Folha de S. Paulo


ANÁLISE

Arrigo une Freud, Schoenberg e música eletrônica alucinante

Em Viena, no início do século 20, o jovem músico Arnold Schoenberg (1874-1951) não morava muito longe da Bergasse 19, casa-consultório de Sigmund Freud (1856-1939). Ao que se sabe, eles não tiveram contato direto.

Com a ópera "O Homem dos Crocodilos", que estreia nesta quarta-feira (18), no Theatro São Pedro –junto com "Édipo Rei", de Igor Stravinski (1882-1971)–, o paranaense-paulistano Arrigo Barnabé, 64, estabelece relações perenes entre os dois vizinhos.

A música está a cargo de uma banda camerística que evoca a sonoridade de "Pierrot Lunaire", obra emblemática do atonalismo expressionista de Schoenberg, também adotado por Arrigo.

Há, no entanto, diferenças importantes, como a ausência da flauta e o acréscimo de percussão e, sobretudo, de uma guitarra elétrica que adiciona novos estranhamentos às dissonâncias acústicas.

Yuri Tavares/Divulgação
Ensaio da ópera
Ensaio da ópera 'O Homem dos Crocodilos', de Arrigo Barnabé, no Theatro São Pedro

A escrita musical-teatral de Arrigo é segura e costura com categoria a narrativa de um caso psicanalítico inspirado diretamente em Freud (com libreto do argentino Alberto Muñoz), enriquecido por uma história em quadrinhos especialmente criada por Luiz Gê.

Em uma das cenas finais, a música eletrônica alucinante composta como trilha para o gibi (que a plateia recebe em mãos) é um passo além de "Tubarões Voadores", parceria Arrigo-Gê de 1984.

O tempo de leitura dos quadrinhos –tão pessoal– tem de enfrentar a medida exata do fluxo musical.
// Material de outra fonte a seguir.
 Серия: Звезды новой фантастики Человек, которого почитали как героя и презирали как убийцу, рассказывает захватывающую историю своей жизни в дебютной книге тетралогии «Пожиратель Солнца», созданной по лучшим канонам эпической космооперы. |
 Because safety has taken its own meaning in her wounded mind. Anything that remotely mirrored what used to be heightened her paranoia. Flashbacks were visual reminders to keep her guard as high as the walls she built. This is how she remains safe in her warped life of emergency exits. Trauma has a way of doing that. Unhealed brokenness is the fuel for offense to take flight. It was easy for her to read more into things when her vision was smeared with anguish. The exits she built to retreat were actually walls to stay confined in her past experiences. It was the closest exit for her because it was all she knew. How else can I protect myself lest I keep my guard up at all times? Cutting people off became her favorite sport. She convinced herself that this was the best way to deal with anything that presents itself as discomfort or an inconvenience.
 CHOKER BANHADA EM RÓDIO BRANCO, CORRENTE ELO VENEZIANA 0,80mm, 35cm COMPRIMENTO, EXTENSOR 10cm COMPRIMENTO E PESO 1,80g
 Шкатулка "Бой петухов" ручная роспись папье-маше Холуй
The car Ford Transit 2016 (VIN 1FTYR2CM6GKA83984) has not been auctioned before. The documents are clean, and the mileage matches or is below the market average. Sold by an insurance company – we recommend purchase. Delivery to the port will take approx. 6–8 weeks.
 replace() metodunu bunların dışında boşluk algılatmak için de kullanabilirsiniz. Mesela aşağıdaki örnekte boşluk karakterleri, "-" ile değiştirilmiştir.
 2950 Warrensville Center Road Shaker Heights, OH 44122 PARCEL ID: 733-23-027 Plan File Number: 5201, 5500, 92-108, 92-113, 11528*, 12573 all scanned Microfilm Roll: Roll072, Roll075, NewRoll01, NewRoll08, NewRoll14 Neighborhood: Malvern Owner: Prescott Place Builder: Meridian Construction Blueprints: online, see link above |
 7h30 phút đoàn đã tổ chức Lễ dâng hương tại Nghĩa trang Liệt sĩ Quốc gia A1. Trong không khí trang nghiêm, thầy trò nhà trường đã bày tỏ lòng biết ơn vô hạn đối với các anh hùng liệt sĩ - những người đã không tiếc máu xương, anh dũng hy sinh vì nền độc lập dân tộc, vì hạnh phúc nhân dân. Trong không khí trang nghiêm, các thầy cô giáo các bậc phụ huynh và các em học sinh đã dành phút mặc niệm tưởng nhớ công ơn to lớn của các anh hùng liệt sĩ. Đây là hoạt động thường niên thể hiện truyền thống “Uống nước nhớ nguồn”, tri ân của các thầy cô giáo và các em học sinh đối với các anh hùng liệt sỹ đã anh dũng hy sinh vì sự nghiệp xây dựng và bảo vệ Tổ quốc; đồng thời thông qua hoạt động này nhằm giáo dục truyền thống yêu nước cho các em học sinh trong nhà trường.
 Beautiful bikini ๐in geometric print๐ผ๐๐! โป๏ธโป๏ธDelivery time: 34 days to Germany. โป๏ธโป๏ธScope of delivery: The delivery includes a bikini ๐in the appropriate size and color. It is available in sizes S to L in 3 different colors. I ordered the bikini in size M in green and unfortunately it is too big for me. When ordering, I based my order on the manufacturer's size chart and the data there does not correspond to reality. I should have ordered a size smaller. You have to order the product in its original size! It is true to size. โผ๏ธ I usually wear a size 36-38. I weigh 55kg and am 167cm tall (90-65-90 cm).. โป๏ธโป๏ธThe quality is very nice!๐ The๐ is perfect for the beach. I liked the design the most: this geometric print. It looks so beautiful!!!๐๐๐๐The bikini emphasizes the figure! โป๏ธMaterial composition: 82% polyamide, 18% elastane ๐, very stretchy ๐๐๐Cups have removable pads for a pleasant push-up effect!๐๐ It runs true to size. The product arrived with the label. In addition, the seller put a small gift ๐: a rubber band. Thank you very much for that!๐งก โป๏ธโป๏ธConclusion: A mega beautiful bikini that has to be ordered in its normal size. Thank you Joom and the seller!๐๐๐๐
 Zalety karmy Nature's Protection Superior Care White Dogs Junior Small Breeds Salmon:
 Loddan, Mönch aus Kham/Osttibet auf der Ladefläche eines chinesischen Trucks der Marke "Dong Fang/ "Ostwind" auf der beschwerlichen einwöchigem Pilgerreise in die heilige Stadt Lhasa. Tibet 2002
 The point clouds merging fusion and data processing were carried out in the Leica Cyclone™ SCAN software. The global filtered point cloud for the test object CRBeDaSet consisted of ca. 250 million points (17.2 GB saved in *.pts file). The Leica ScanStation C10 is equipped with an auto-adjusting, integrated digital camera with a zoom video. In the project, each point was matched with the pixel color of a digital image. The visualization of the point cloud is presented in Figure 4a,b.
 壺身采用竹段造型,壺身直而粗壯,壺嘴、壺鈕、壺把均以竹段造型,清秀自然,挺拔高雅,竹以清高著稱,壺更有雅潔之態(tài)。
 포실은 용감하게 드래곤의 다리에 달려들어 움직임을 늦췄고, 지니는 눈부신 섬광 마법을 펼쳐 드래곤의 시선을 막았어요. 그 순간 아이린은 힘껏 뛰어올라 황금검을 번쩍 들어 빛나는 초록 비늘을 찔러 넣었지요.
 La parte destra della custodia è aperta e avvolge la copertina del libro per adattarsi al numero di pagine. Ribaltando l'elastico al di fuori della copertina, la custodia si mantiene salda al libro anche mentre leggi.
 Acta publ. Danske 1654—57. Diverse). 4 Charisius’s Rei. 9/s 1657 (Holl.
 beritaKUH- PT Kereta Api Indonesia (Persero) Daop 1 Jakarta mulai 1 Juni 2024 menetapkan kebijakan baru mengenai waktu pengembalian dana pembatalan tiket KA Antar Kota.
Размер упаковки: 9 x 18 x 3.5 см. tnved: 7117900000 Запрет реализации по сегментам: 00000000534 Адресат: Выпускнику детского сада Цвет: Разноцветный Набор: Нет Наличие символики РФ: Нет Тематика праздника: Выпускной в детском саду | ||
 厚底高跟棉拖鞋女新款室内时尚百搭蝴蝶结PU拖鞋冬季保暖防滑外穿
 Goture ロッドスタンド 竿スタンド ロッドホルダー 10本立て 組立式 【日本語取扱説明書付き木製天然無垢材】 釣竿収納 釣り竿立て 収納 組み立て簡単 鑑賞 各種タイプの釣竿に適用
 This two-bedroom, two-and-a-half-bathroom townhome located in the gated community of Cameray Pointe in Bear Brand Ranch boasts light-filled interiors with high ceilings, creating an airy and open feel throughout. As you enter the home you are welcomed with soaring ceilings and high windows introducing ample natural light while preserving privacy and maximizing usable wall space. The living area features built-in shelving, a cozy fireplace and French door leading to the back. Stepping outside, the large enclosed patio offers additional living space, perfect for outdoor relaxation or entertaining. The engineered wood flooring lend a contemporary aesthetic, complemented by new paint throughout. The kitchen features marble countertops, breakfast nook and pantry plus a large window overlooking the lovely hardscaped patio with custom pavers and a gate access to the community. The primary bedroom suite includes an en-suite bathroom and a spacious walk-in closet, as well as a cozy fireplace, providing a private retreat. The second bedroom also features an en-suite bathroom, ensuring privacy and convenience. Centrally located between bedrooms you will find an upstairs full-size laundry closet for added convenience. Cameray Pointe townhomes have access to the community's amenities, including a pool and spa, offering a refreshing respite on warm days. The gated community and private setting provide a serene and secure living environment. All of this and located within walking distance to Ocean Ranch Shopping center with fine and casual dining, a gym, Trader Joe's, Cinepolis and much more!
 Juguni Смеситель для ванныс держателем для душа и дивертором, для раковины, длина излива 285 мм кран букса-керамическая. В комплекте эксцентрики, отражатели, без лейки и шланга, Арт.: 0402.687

Atos falhos, sonhos, alucinações, voyeurismo e complexo de Édipo recebem um tratamento musical simultaneamente estranho e bem-humorado.

Duas árias da personagem Céline (mãe do protagonista) são realizações de mestres da canção brasileira: lá estão ecos de Villa-Lobos (1887-1959) e Lupicínio Rodrigues (1914-74), mas também do próprio Arrigo de "Lenda", "Sinhazinha em Chamas" e "Londrina".

A presença performática de Arrigo no palco –com os traços da personagem que se confunde com a sua própria biografia desde "Clara Crocodilo" (1980)– será aproveitada também para a narração de "Édipo Rei", de Stravinski.

TECLA SAP

Na obra do russo cantada em latim (estreada em 1927), o libretista francês Jean Cocteau (1889-1963) prevê uma narração na língua da audiência (para nós, o português).

Mas não há nenhuma referência a Freud em Stravisnki-Cocteau. A eles interessa unicamente a tragédia de Sófocles, evitando toda interpretação contemporânea do mito. Stravinski cria uma música distante, estática, como se revolvesse as ruínas de outras eras.

São destaques dos elencos Paulo Mandarino (Édipo) e Eliane Coelho (Jocasta), uma das mais importantes cantoras brasileiras em atividade. Em "O Homem dos Crocodilos", Denise de Freitas (Céline) e Thiago Pinheiro (Antonio).